The term user journey is often used with software and describes the culmination of experiences a person has when interacting with something such as a website to accomplish their goal. For instance, Bob wants to buy a hammock on Amazon so he boots up his computer to navigate to Amazon’s site. Every action he takes from typing hammocks in Amazon’s search field to clicking the Add to Cart box to filling in the personal information for shipping and billing in the checkout process to purchasing the product are included in his journey to purchase the hammock.
The user journey is a term commonly used in user experience fields. Professionals will often create user journey maps to visualize the process a person goes through to reach their goal. Journey mapping combines both storytelling and visualization to convey information in a memorable, concise way.
The key parts of a journey map include:
- The persona, or actor experiencing the journey.
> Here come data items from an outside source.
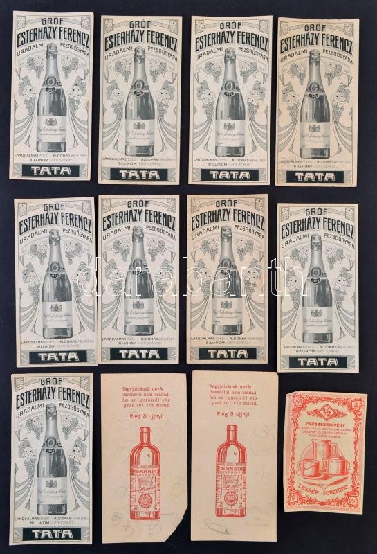 11 db számolócédula valamint 1 db nyomtatvány: Gróf Esterházy Ferenc Uradalmi Pezsgőgyára 9 db, Tata, Igmándi Keserűvíz 2 db, 1 db csészeszelvény, az egyik sérült.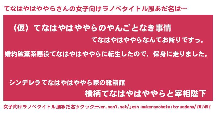 | 男性向けラノベタイトル風あだ名 | 『転生したらてなはやはややらだった件』 |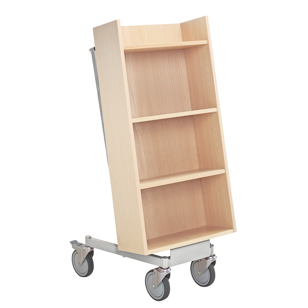 Bogvognens hældning sikrer stabil opbevaring og giver et godt overblik over de bøger, du skal håndtere.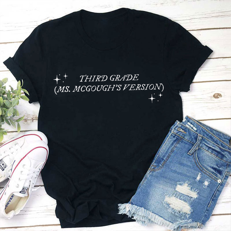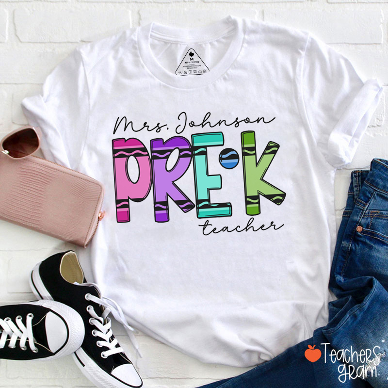 Personalized Name And Grade Crayon Font Teacher T-Shirt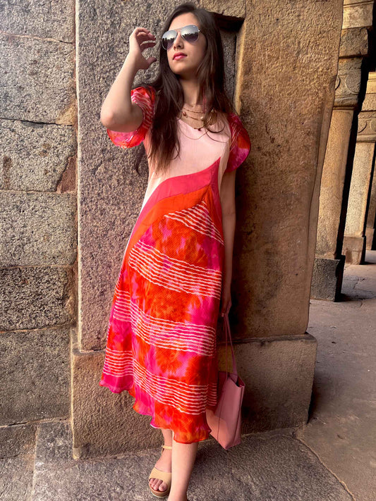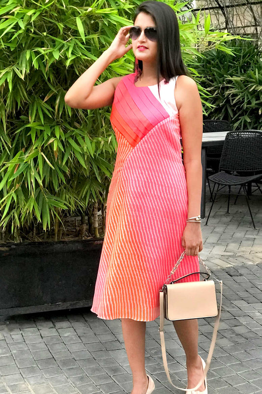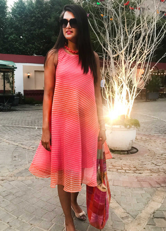 SCARLET SANTORINI STRIPES SILK KOTA DORIA DRESS

- The scenario that addresses a user’s goals and needs and the expectations they have for the experience.
- The actions, mindsets, and emotions a user experiences throughout their journey.
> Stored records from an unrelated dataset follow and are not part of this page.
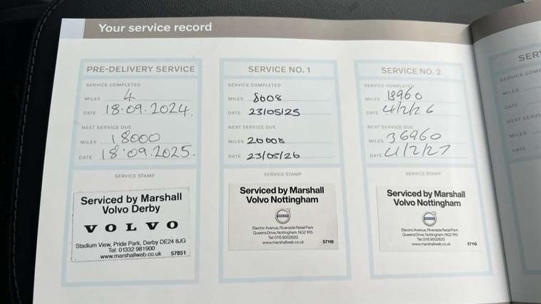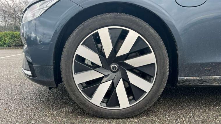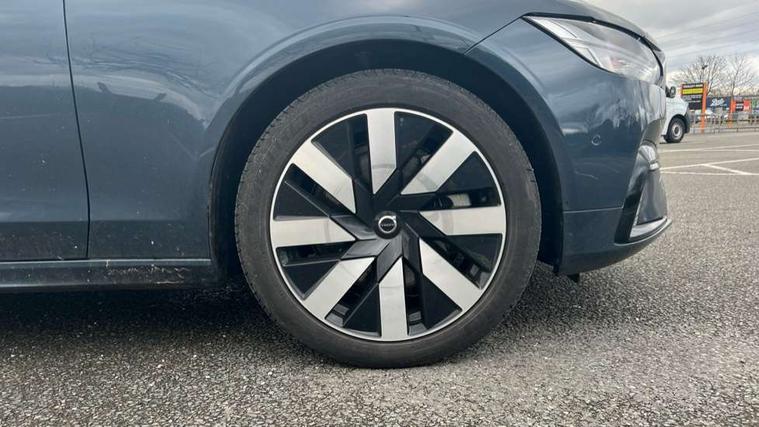 12.3" Progressive Driver Display, 360 degree surround view parking camera with side proximity sensors, 9" centre console touch screen, Adjustable steering wheel force, Apple carplay (wired), Bluetooth handsfree system, Drive mode settings, Driver alert control with lane keeping aid, Driver assistance (pilot assist and adaptive cruise control), Driver awareness - Blind spot system + steer assist, cross traffic alert with autobrake, rear collision warning and mitigation, E-call, Emergency assist, Front and rear park assist, Google automotive services - Enabled entertainment apps, navigation with google maps, voice recognition with google assistant, Handsfree bootlid opening/closing, Intelligent speed assistance, Oncoming Lane Mitigation, Power operated tailgate/boot lid, Speed sensitive steering, Volvo on call app, 3.7 kW monophase on board charger, 6m 3 phase 16amp Type 2 / mode 3 charge cable, 7m 10amp charge cable with 3 pin plug, 8 speed automatic transmission with start/stop + manual change functions, Dynamic chassis, Electric rear axle drive, Lithium-Ion Battery 18.8kWh, On board charger - 6.4 kW 2 phase/3.7kW single phase, Recharging port located in nearside front wing, DAB Radio (Digital Audio Broadcasting), Low speed exterior sound speaker, Premium Sound by Harman Kardon, dirac unison, dolby pro logic II surround sound, 13 speakers/600W output and fresh air subwoofer, Steering wheel remote infotainment controls, Adaptive brake lights with high level LED brake lights, Auto dimming interior + exterior mirrors, Automatic headlight levelling system, Automatic LED Headlights + Active high beam incorporating daytime running lights, Chrome window surround, Colour coordinated auto folding and heated power door mirrors, Front and rear power windows, Heated windscreen, High gloss black door mirrors and window surround, High gloss black front and rear bumper decoratives, High gloss black mesh front grille and surround, Home safe and approach lighting, Integrated roof rails in high gloss black, Puddle lights, Rain sensor with automatic windscreen wiper activation, Rear LED lights with sequential indicators, Rear side wing doors, Rear wiper, Roof antenna, Roof spoiler, Variable front intermittent wipers, Visible VIN plate, 2 zone electronic climate control with Clean zone air quality system + pollen filter, 3 seat bench in 2nd row, 3 Spoke tailored steering wheel with chrome trim, A-pillar parking ticket holder, Air purifier particulate matter (PM) filter, Ambient door and instrument panel lighting, B Pillar ventilation, Boot lid/tailgate illumination, Bright metal luggage compartment threshold, Cargo divider with grocery bag holder, Centre console cupholder and storage, Charcoal carpets and floor mats, Driver and front passenger seat power height adjustment, Extended front seat cushions, Front 12V socket tunnel console and cargo area, Front and rear cabin courtesy light, Front and rear footwell and side step illumination, Front and rear reading lights and centre armrest Storage Illumination, Front headrests, Front/rear door pockets and front cupholder illumination, Glovebox compartment with illumination, Heated front seats, Heated rear seats outer positions, Heated steering wheel, Height/reach adjustable steering column, Illuminated luggage compartment, Illuminated recharge aluminium tread plates, Illuminated vanity mirrors + ticket holder, Inner door release handle illumination, Integrated sun curtains in rear doors, ISOFIX attachment on outer rear seats, Leather upholstery, Load cover, Load protection net, Luggage compartment load hooks, Multi directional lumbar support, Power driver seat with memory for seat and exterior mirrors, Power folding rear headrests, Rear armrest with cupholder, Single front passenger seat, Underfloor cargo storage, Versatile split folding rear seat - 60/40, 3x3 point rear seatbelts, Active bonnet, City safety with steering support with Pedestrian + cyclist + front collision warning with full auto brake and rear auto brake, Drivers knee airbag, Dual stage driver/passenger airbags, Front seats SIPS airbags, Hill start assist, IC (Inflatable Curtains) - Full Length, Passenger airbag cut-off switch, Power child locks on rear doors, Power parking brake with auto hold function, Road sign information display, Run off Road Mitigation, Run off Road Protection, Seatbelt reminder and pretensioners for all seats, SIPS (Side Impact Protection System), Slippery road and hazard light alert, Stability and Traction Control with Spin control, Engine Drag Control and Corner Traction Control, Tyre pressure monitoring system, Vehicle deceleration control with Anti-lock Brake System, Electronic Brake Distribution and Emergency Brake Assist, Warning triangle and first aid kit, WHIPS whiplash protection system - front, 2x Key integrated remote control central locking + fuel flap with deadlocking system and auto open/close power windows, Anti-theft alarm including immobiliser/volume sensor + level sensor, Care key with user defined top speed, Keyless drive includes keyless entry and keyless start, Locking wheel nuts, Private locking for tailgate, Tailored Instrument Panel and Door Tops with Contrast Stitching, 19'' 8 spoke diamond cut black alloy wheels, Tyre sealant kit and compressor,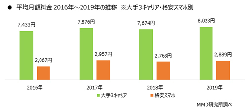 MMD研究所が「大手3キャリア・格安スマホ(MVNO)別月額料金の推移(2016年~2019年)」の調査結果を発表した。同調査は、過去の調査をもとに、スマートフォン利用者が通信会社に支払っている月額利用料金を集計して推移をまとめたもの。18年8月に菅義偉官房長官が携帯料金について「4割程度下げる余地がある」と発言して以降、値下げを図る動きがあったが、実際に支払っている平均料金は増加していた。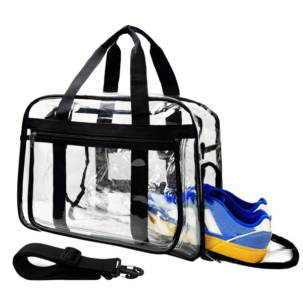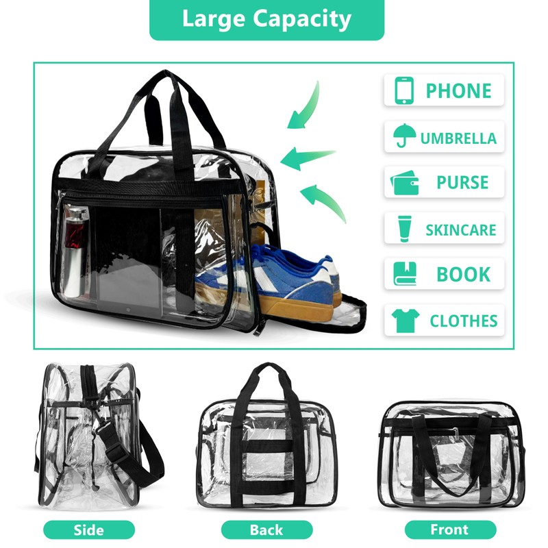 - Multi-useSimple and fashion for daily. The large clear tote bag can be used as weekender travel overnight bag, carry on bags for airplanes and sports gym bag. Suitable for many occasions, it can be your ideal choice for travel, daily work, business trips, shopping, sport or activities.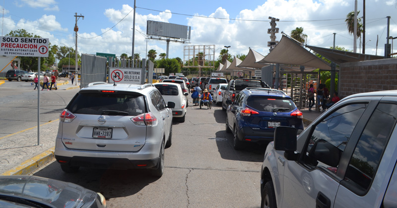 Los tiempos de espera en los cruces internacionales, tanto en las filas de vehículos como de peatones, siguen siendo prolongados, hasta por más de una hora, sobre todo, después del mediodía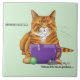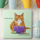 A cute orange tabby cat sitting in front of a purple mug of coffee in a background of green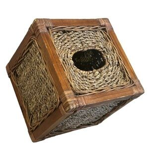 Vintage Wicker & Twine Tissue Box Cover Bohemian Shabby Chic Boho Farmhouse. Condition is preowned. Item is constructed of wicker and twine. Tissue box cover measures approximately 6”L x 6”W x 6”H.

- The journey phases are the high-level stages a persona goes through in a scenario.
- The insights for improving a user journey found after analyzing the scenario.
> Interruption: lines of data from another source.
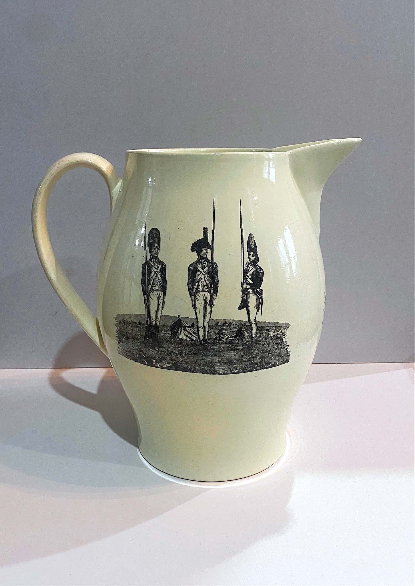 Priced at $2,950, this circa 1800 Staffordshire creamware Liverpool pitcher, complete with American soldiers on one side and a soldier’s farewell on its reverse, belonged to David M. Kurau, Collegeville, Penn.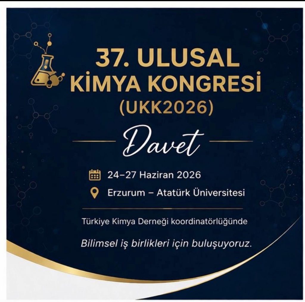 Türkiye Kimya Derneği koordinatörlüğünde ve Atatürk Üniversitesi iş birliği ile düzenlenecek olan 37. Ulusal Kimya Kongresi (UKK2026), 24-27 Haziran 2026 tarihleri arasında Erzurum’da gerçekleştirilecektir. Kimya alanında ülkemizin en köklü ve prestijli bilimsel organizasyonlarından biri olan bu kongre, akademisyenleri, araştırmacıları ve öğrencileri aynı çatı altında buluşturarak bilimsel etkileşimi ve iş birliklerini güçlendirmeyi amaçlamaktadır.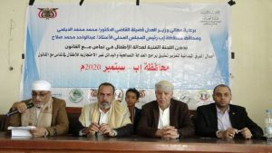 جاء ذلك خلال تدشينه ومعه محافظ إب عبدالواحد صلاح للعام القضائي الجديد ١٤٤٢ هجرية وتدشين أعمال الفرق الميدانية لتعزيز تطبيق برنامج العدالة التصالحية والبدائل غير الاحتجازية للاطفال ، حيث وجه وزير العدل أعضاء السلطة القضائية بالمحافظة على سرعة الفصل والبت في القضايا المنظورة أمام المحاكم والنيابات ومعالجة قضايا المواطنين وإنجازها وعدم تأخيرها حرصا على حقوق الناس ومظالمهم . مشددا على أهمية أن يستشعر الجميع مسؤولياتهم في هذه المرحلة الحساسة التي يمر بها بلدنا في إطار مساعيه لنيل حريته واستقلاله ودحر العدوان .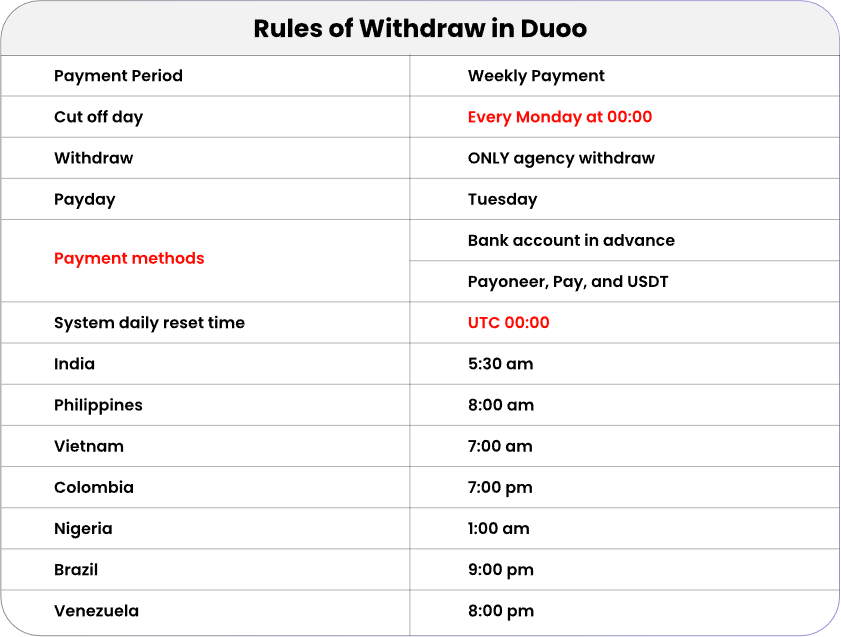 • The Duoo App operates on an agency-based withdrawal system.

To create a successful journey map make sure to use both quantitative and qualitative research, identify the business goal the map will support, involve other stakeholders to compile data and build the map, and wait to create the visualization until you have all the data and understand it.
Big no-nos for constructing your journey map include:
- Prioritizing without customers.
- Overcomplicating journey mapping.
- Getting paralyzed by process and outcome.
- Build a map without defensible data.
- Confuse touchpoint map with a customer journey map.
- Forget to scope the map.
- Allow the voice of the employee to replace the voice of the customer.